Get the predictions generated by the method.

Parameters:

method – Name of the method to get predictions for.
target – Name of the target protein-ligand pair.
cfg – Configuration dictionary for runtime arguments.
binding_site_method – Optional name of the method used to predict AutoDock Vina’s binding sites.
input_protein_filepath – Optional path to the input protein structure PDB file.
is_ss_method – Whether the method is a single-sequence method.

Returns:

List of method predictions, each as a tuple of the output protein filepath and the output ligand filepath.

posebench.models.ensemble_generation.insert_hpc_headers(method: str, gpu_partition: str = 'chengji-lab-gpu', gpu_account: str = 'chengji-lab', gpu_type: Literal['A100', 'H100', ''] = '', cpu_memory_in_gb: int = 59, time_limit: str = '7-00:00:00') → str[source]¶

Insert batch headers for SLURM job scheduling.

Parameters:

method – Name of the method for which to generate a prediction script.
gpu_partition – Name of the GPU partition to use.
gpu_account – Name of the GPU account to use.
cpu_memory_in_gb – Amount of CPU memory to request in GB.
time_limit – Time limit for the job as a SLURM-compatible string.

Returns:

Batch headers string for SLURM job scheduling.

posebench.models.ensemble_generation.main(cfg: DictConfig)[source]¶: Generate predictions for a protein-ligand target pair using an ensemble of methods.

posebench.models.ensemble_generation.predict_protein_structure_from_sequence(python_exec_path: str, structure_prediction_script_path: str, fasta_filepath: str, output_pdb_dir: str, chunk_size: int | None = None, cpu_only: bool = False, cpu_offload: bool = False, cuda_device_index: int = 0)[source]¶

Predict protein structure from amino acid sequence.

Parameters:

python_exec_path – Path to the Python executable with which to run Python scripts.
structure_prediction_script_path – Path to the ESMFold structure prediction script to run.
fasta_filepath – Path to the input FASTA file.
output_pdb_dir – Path to the output PDB directory.
chunk_size – Optional chunk size for structure prediction.
cpu_only – Whether to use CPU only for structure prediction.
cpu_offload – Whether to use CPU offloading for structure prediction.
cuda_device_index – The optional index of the CUDA device to use for structure prediction.

posebench.models.ensemble_generation.rank_ensemble_predictions(ensemble_predictions_dict: dict[str, list[tuple[str, str]]], name: str, cfg: DictConfig) → dict[int, tuple[str, str, str, float]][source]¶

Rank the predictions to select the top prediction(s).

Parameters:

ensemble_predictions_dict – Dictionary of method names and their corresponding predictions.
name – Name of the target protein-ligand pair.
cfg – Configuration dictionary for runtime arguments.

Returns:

Dictionary of consensus-ranked predictions indexed by each prediction’s consensus ranking and valued as its method name, output protein filepath, output ligand filepath, and average pairwise RMSD or Vina energy score.
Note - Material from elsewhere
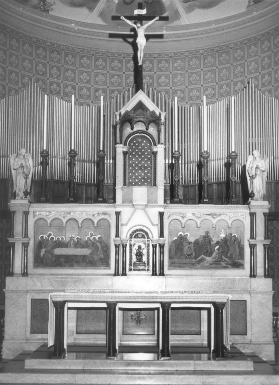 - NOTIZIE STORICO CRITICHE L' altare, riconducibile stilisticamente all'arte eclettica romana, è databile al 1910, anno che figura sulle due tele dipinte di Silvio Galimberti e applicate sulla parete frontale del gradino d'altare

posebench.models.ensemble_generation.rank_key(file_path: str) → float[source]¶

Define a custom key for ranking the predictions.

Parameters:: file_path – Path to the file to rank.
Returns:: The rank key for the file.

posebench.models.ensemble_generation.rfaa_get_chain_letter(index: int) → str[source]¶: Get the RFAA chain letter based on index.

posebench.models.ensemble_generation.save_ranked_predictions(ranked_predictions: dict[int, tuple[str, str, str, float]], protein_input_filepath: str, name: str, ligand_numbers: str | list[int] | None, ligand_names: str | list[str] | None, ligand_tasks: str | None, cfg: DictConfig)[source]¶

Save the top-ranked predictions to the output directory.

Parameters:

ranked_predictions – Dictionary of ranked predictions indexed by each prediction’s ranking and valued as its method name, output protein filepath, output ligand filepath, and average pairwise RMSD or Vina energy score.
protein_input_filepath – Path to the input protein structure PDB file.
name – Name of the target protein-ligand pair.
ligand_numbers – Optional list of ligand numbers represented as a _-delimited string or a list of integers.
ligand_names – Optional list of ligand names represented as a _-delimited string or a list of strings.
ligand_tasks – Optional ligand tasks specification.
cfg – Configuration dictionary for runtime arguments.